Why didn't the Executor recycle through the threads created via:
ExecutorService pool = Executors.newFixedThreadPool(1000)?


     Why do you think it didn't? My suspicion (until proven
otherwise, and proofs are certainly possible) is that it
never got to a thousand in the first place, but ran out of
memory before it could create that many threads.
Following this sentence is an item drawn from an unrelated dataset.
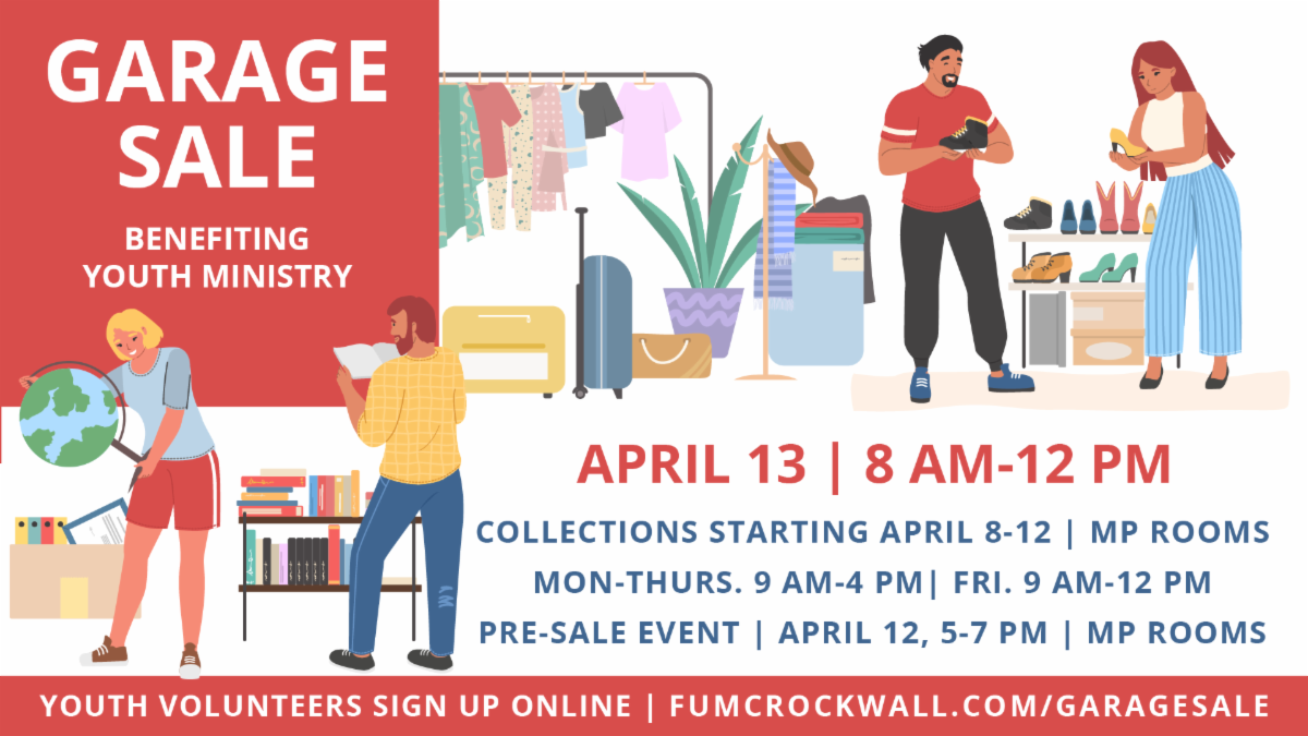 Our annual Youth Garage Sale is THIS Saturday, April 13, 8 am-noon!
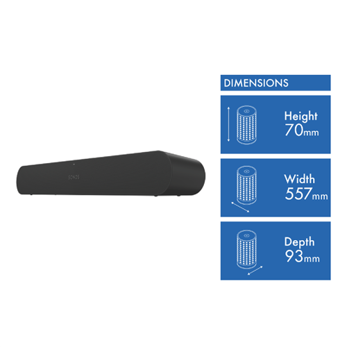 Bring your home entertainment experience to life using the Sonos Ray RAYG1AU1BLK the brilliant designed and high quality soundbar. Bring friends around for the perfect movie night or just delve into the amazing acoustic rhythms on your own thanks to the support of Hollywood's award-winning sound engineers. Listen to seamless precise harmonies and impactful clean bass with Sonos's custom acoustics proprietary anti-distortion technology. Split waveguides projects sound that reflects from wall to wall to immerse the viewer right in the middle of the action. The Sonos Ray always produces the best soundscape via the integrated Trueplay tuning technology; it adapts to your living space so the audio is always perfect for the area you are in(1). The Sonos Ray can always be placed in tight or narrow areas without impacting of sound quality; acoustic elements face forward so it projects towards the listener and not towards places that can cause interference. Stress less when setting up the Sonos Ray its intuitive construction offers a simple plug in and connect method with the Sonos App doing the rest of the work for you. Listen to music podcasts radio and all your favourite content all day through your local Wi-Fi connection and a range of compatible premium streaming and audio services including Spotify Connect Apple AirPlay 2 and the Sonos app. (1) Supported iOS device required.

The ExecutorService is declared in the class field and not in the
doPost() method, will this be an issue?


     It's in the Foo constructor (well, sort of: what you
showed is obviously a paraphrase -- it wouldn't compile,
for starters -- so I can't be sure just where the pool
is created). But let's suppose it's in Foo's constructor,
and that Foo is an HTTPServlet. That means you'll get a
new pool each time an HTTPServlet/Foo instance is created.
I don't know how frequently Tomcat does so -- I seem to
recall that it ordinarily creates a given servlet type
only once, but that there may be ways of unloading and
reloading them, or ways of starting multiple instances
under different aliases. So you'll have at least one pool
with a "ceiling" of a thousand threads, possibly N such
pools.

     I say again: Reduce the thread count, maybe to ten or
twenty-ish. What benefit do you expect from a thousand
threads all trying to elbow each other out of the way for
the attention of two processor chips?